Voters have a choice of 27 candidates in the first election since last year’s military coup upended one of the region’s most stable democracie­s as Islamist militants hijacked a separatist uprising to seize a vast swathe in the desert north of the country.

The ballot opened at 8am local time under heavy security after one of the main Islamist armed groups in northern Mali said on Saturday it would ‘‘strike’’ polling stations.

‘‘The polling stations and other voting places for what they are calling the elections will be targeted by mujahedeen strikes,’’ the Movement for Oneness and Jihad in West Africa said in a statement carried by neighbouri­ng Mauritania’s ANI news agency.

It did not specify what form the attacks would take but the group warned Malian Muslims to ‘‘stay away from the polls’’.

In a polling station at a school in Bamako, hundreds of people had been queueing for more than an hour to vote.

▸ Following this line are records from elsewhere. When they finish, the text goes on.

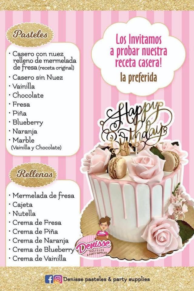 - Háganos saber el tipo de pastel (sabor, diseño y cualquier otra instrucción especial)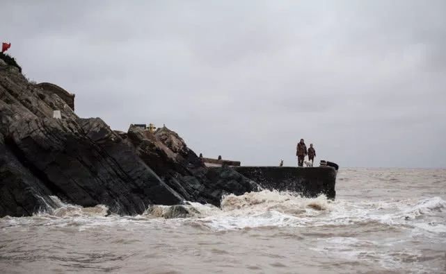 2017年2月21日,王继才夫妇站在江苏开山岛的码头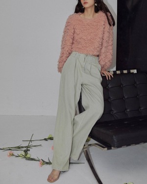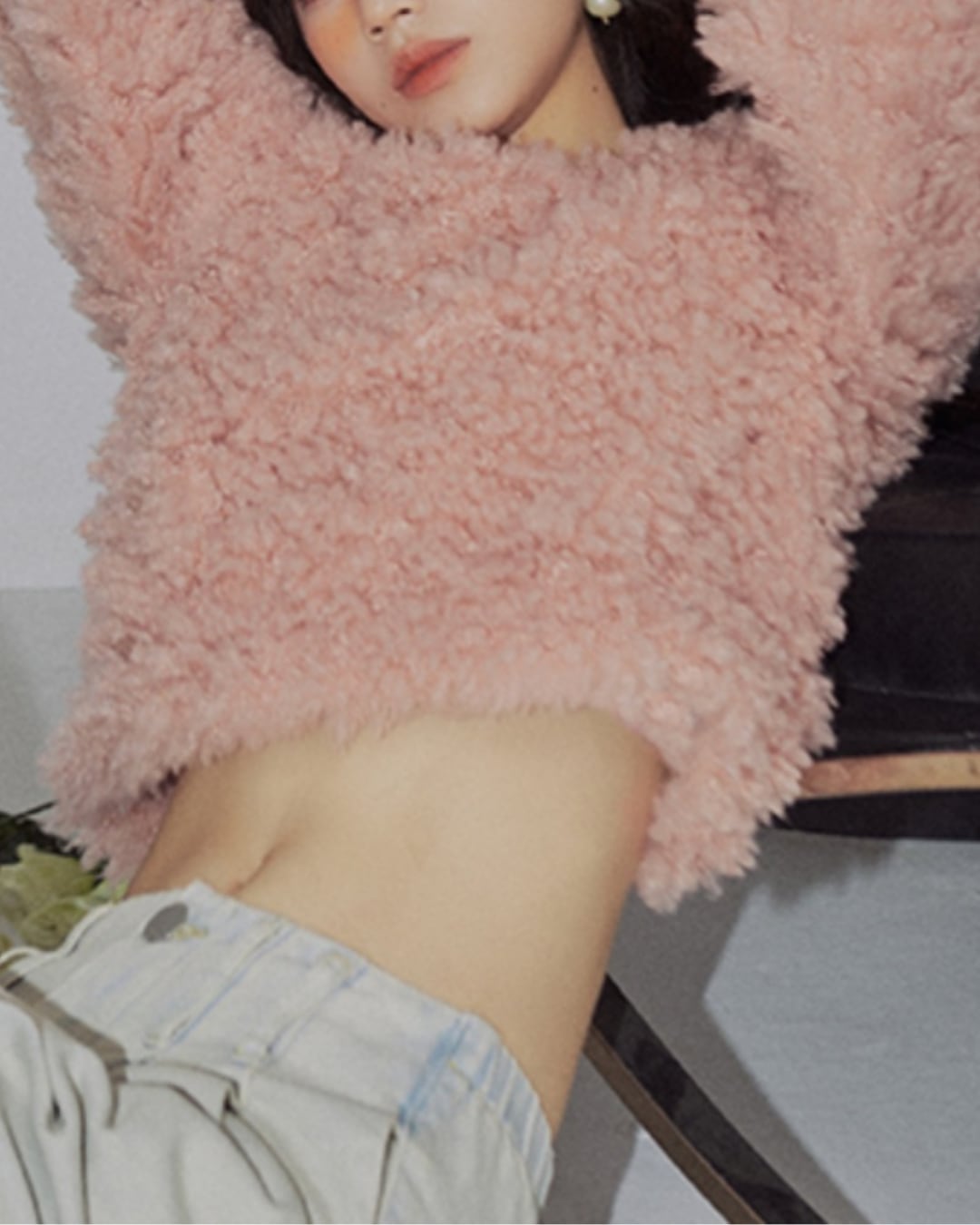 ボリューム感のあるフェイクボア素材が可愛い、もこもこショートブルゾン。温かみのあるくすみピンクカラーが、甘すぎず大人可愛い印象に。軽くてふわっと柔らかい手触りで、肌寒い季節にぴったり。袖はゆったりとしたランタンスリーブで、トレンド感のあるシルエットに仕上げました。短め丈なのでハイウエストボトムとの相性も◎。シンプルなインナーに羽織るだけで、コーデの主役になれる一枚です♡
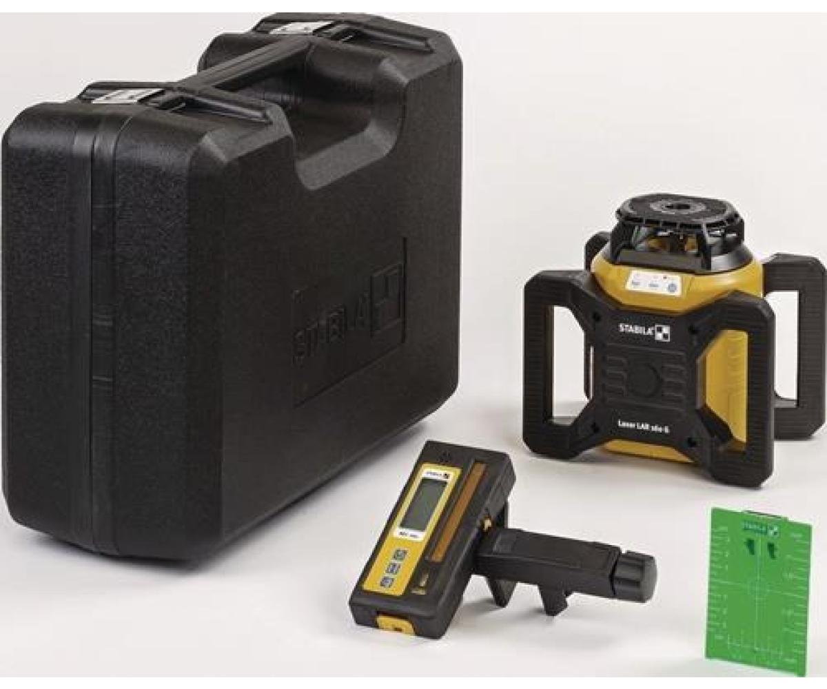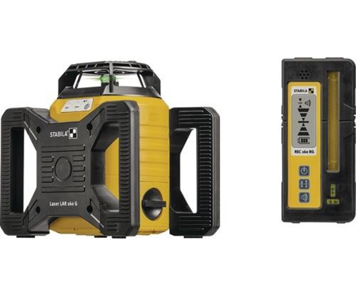 vollautomatischer, motorgesteuerter Rotationslaser – schnelle Selbstnivellierung innerhalb von 20 Sekunden · STABILA GREENBEAM-Technologie für bessere Sichtbarkeit des rotierenden Laserstrahls – grüne Laserstrahlen sind für das menschliche Auge um ein 4-faches sichtbarer als rote Strahlen · vier Laserfunktionen für einen vielseitigen Einsatz – horizontale und vertikale Rotation, Lotfunktion und rechter Winkel (90°) im Vertikalbetrieb · staub- und wasserdicht · stoßabsorbierender STABILA Softgrip-Mantel schützt vor Schlägen – die Laseroptik ist zusätzlich durch den stabilen Gehäusekopf geschützt · einfache Bedienung über drei Bedienknöpfe – Ein/Aus, Tiltmodus, Manueller Modus · Batterie-Schublade – leichter Wechsel auch direkt auf dem Stativ · großer Arbeitsbereich mit Set-Receiver REC 160 RG – bis zu 600 m Durchmesser · zwei im Gehäuse integrierte 5/8“-Gewinde · Zielplatte mit Magnethalterung und Fadenkreuz · Einsatzgebiete: Layout-Arbeiten, Setzen von Trennwänden und Abhängen von Decken, Elektroinstallationsarbeiten – Steckdosen, Schalter und Kabelkanäle horizontal und vertikal zueinander ausrichten, Installationsarbeiten im Industriebau – Einmessen der Ebenen und Ermitteln von Fluchten für den Verlauf von Leitungen und Rohren, Industriemontage – Einmessen und Ausrichten von Regalsystemen in Logistikbereichen · Stativaufnahme 2 x 5/8?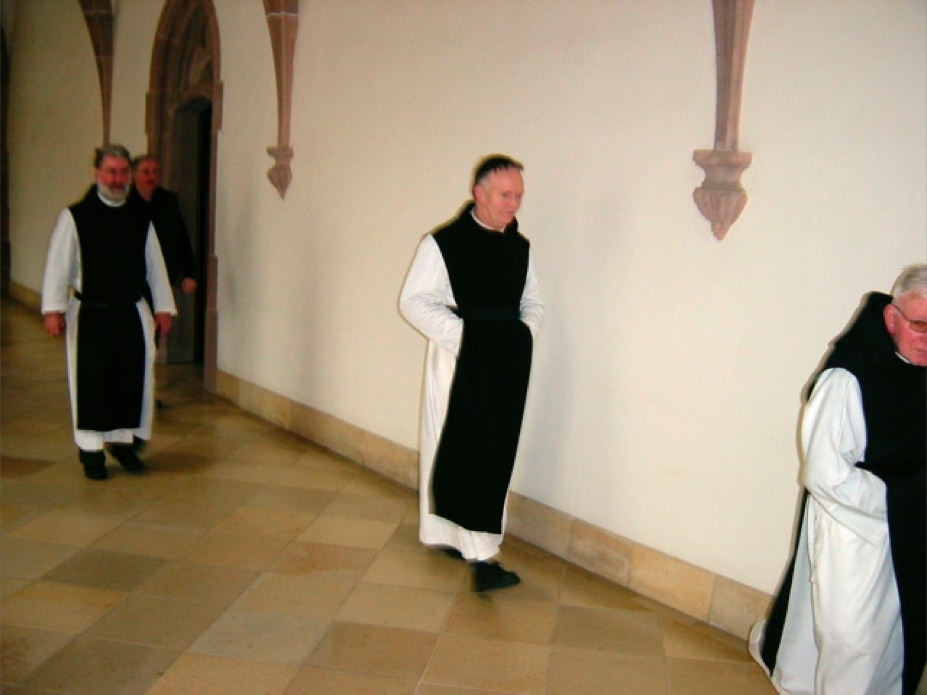 Mönche im Kreuzgang nach der Sext auf dem Weg zum Mittagessen.

‘‘We are tired of bad governance. I’d urge the candidates to accept the results of our vote,’’ said machine operator Kalifa Traore, 56.

Although the three-week campaign ended on Friday without major incident, it played out in the shadow of violence in the north that has raised doubts over Mali’s readiness to deliver a safe and credible election.

Critics at home and abroad have argued that Mali, under pressure from the internatio­nal community, is rushing to the polls and risking a botched election that could do more harm than good.

But Louis Michel, the head of the European Union observatio­n mission, sounded a note of optimism on Friday, saying conditions had been met for a credible first round.

‘‘I believe that these elections can take place in a context and in conditions that are acceptable and do not allow for a distortion or an abuse of the result,’’ he told reporters in the capital Bamako.

Much of the worry ahead of the polls has been focused on Kidal, occupied for five months by Tuareg separatist­s until a ceasefire accord allowed the Malian army earlier this month to provide security.